**Collected material:**
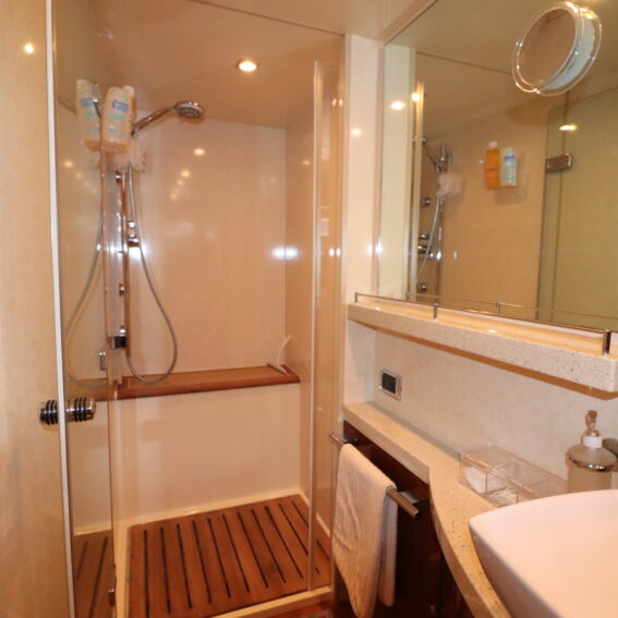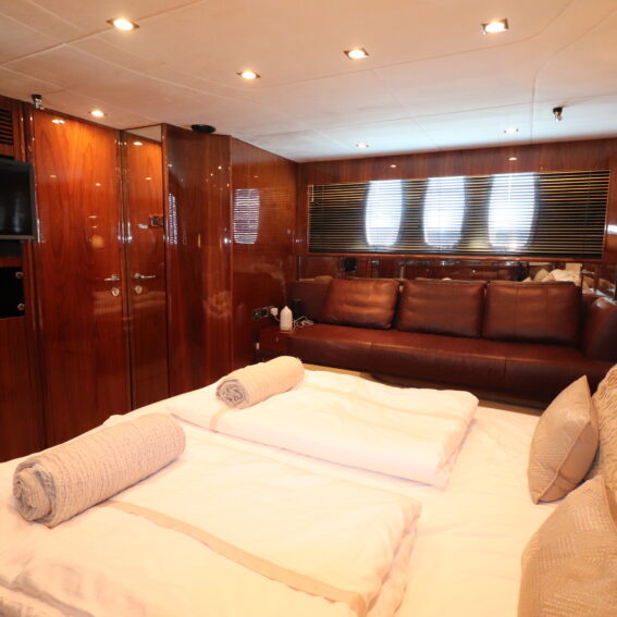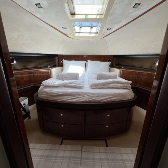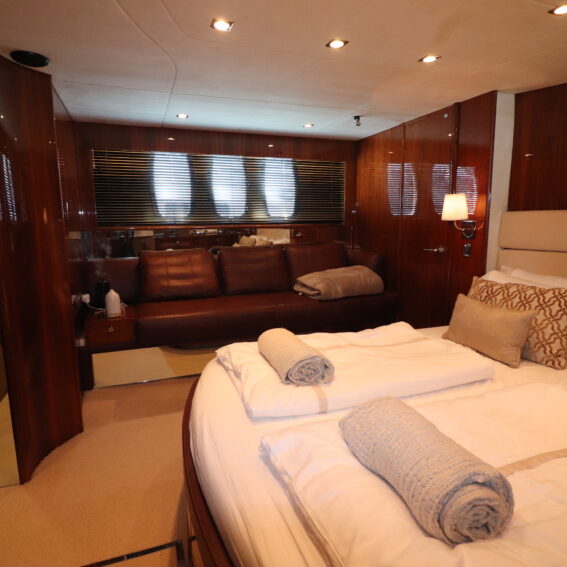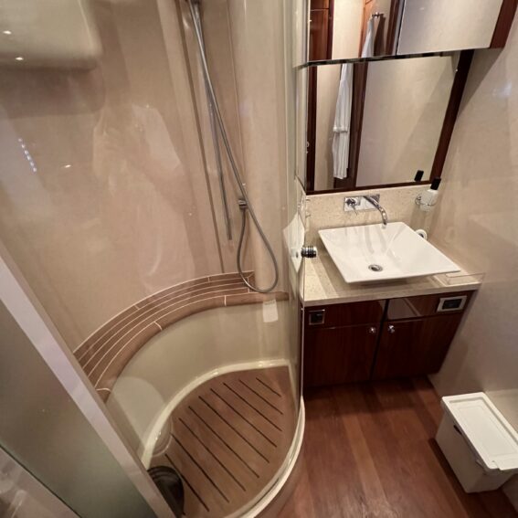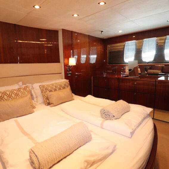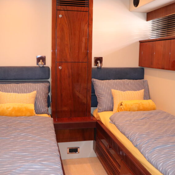 Central stairs lead down the accommodation, port side twin cabin with ensuite Head/ day head, forward to the double Guest cabin with en suite also. Moving back there is a Fourth twin Pullman cabin, the top bunk is foldable so the cabin set a single or bunks. Then we move aft the Full been owners cabin in the midship of the boat, with walk in wardrobe and well sized en suite!
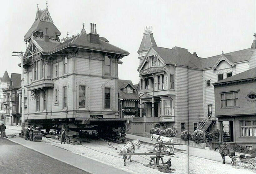 Снимок, сделанный в самом начале 20 века в одном из калифорнийских городов, когда семьи, желавшие переехать, могли перевезти с собой и свой дом.
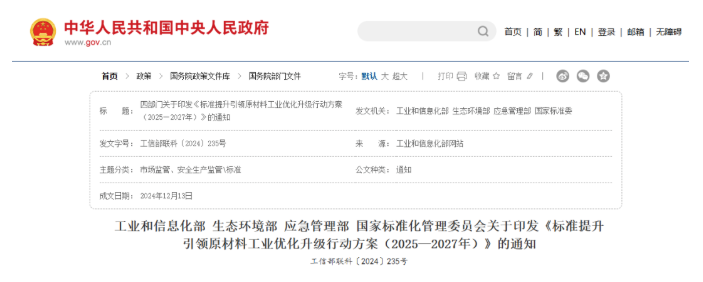 2024年12月13日,工業(yè)和信息化部、生態(tài)環(huán)境部、應(yīng)急管理部、國家標(biāo)準(zhǔn)化管理委員會(huì)聯(lián)合印發(fā)《標(biāo)準(zhǔn)提升引領(lǐng)原材料工業(yè)優(yōu)化升級(jí)行動(dòng)方案(2025—2027年)》。
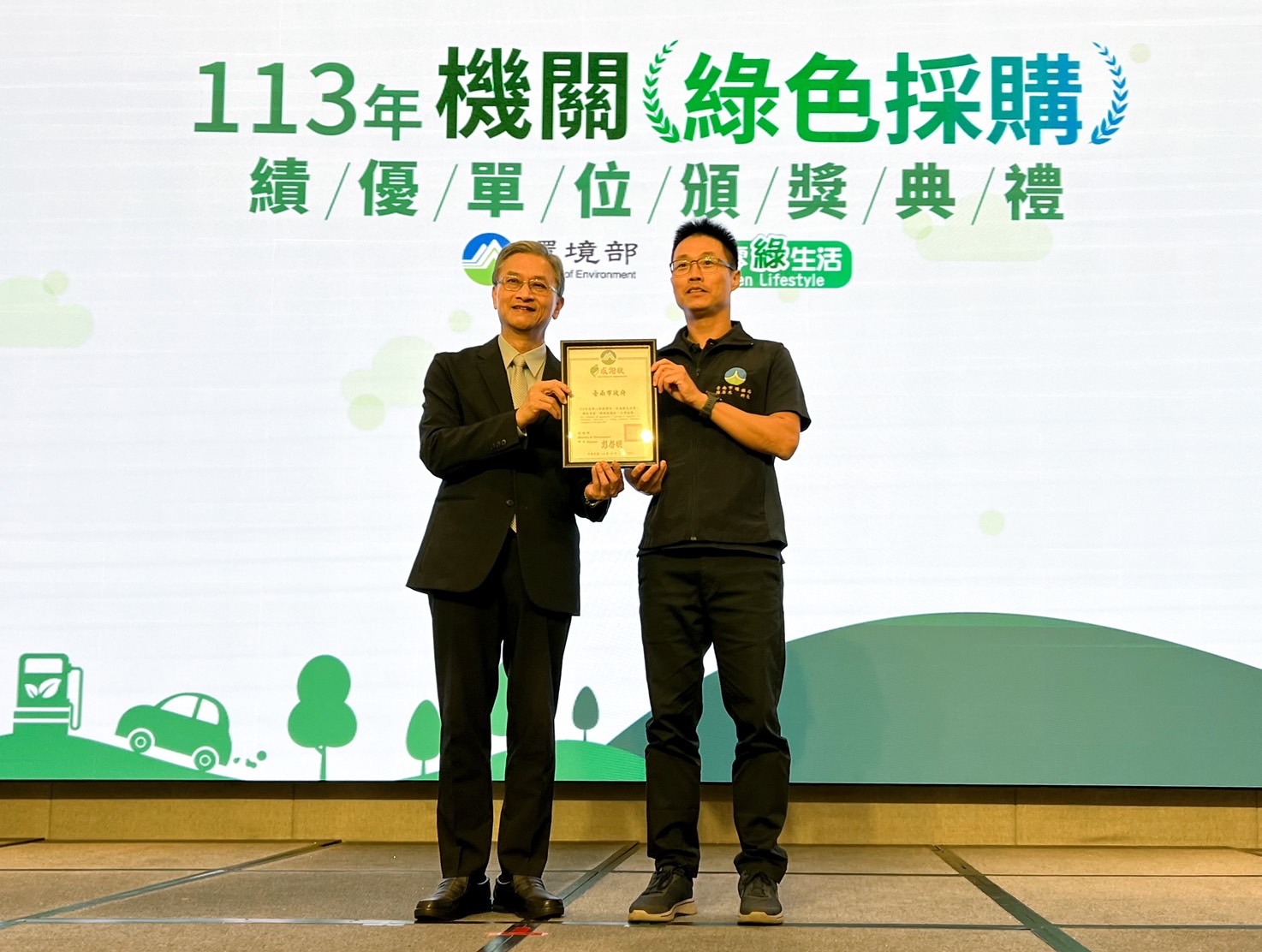 政府積極推動綠色採購與淨零綠生活政策,成果再獲肯定!在環境部113年度機關綠色採購評核中,臺南市政府以滿分100分榮獲「優等」評比,這已是市府連續第13年蟬聯全國優等殊榮。環境部10月28日假台南市銀級環保標章旅宿「臺南大員皇冠酒店」舉行績優單位表揚典禮,由環保局科長陳原禾代表受獎。

**Work instruction:**
The answer must be the full listing retyped exactly, with no pictures in it.

**Task output:**
 Central stairs lead down the accommodation, port side twin cabin with ensuite Head/ day head, forward to the double Guest cabin with en suite also. Moving back there is a Fourth twin Pullman cabin, the top bunk is foldable so the cabin set a single or bunks. Then we move aft the Full been owners cabin in the midship of the boat, with walk in wardrobe and well sized en suite!
 Снимок, сделанный в самом начале 20 века в одном из калифорнийских городов, когда семьи, желавшие переехать, могли перевезти с собой и свой дом.
 2024年12月13日,工業(yè)和信息化部、生態(tài)環(huán)境部、應(yīng)急管理部、國家標(biāo)準(zhǔn)化管理委員會(huì)聯(lián)合印發(fā)《標(biāo)準(zhǔn)提升引領(lǐng)原材料工業(yè)優(yōu)化升級(jí)行動(dòng)方案(2025—2027年)》。
 政府積極推動綠色採購與淨零綠生活政策,成果再獲肯定!在環境部113年度機關綠色採購評核中,臺南市政府以滿分100分榮獲「優等」評比,這已是市府連續第13年蟬聯全國優等殊榮。環境部10月28日假台南市銀級環保標章旅宿「臺南大員皇冠酒店」舉行績優單位表揚典禮,由環保局科長陳原禾代表受獎。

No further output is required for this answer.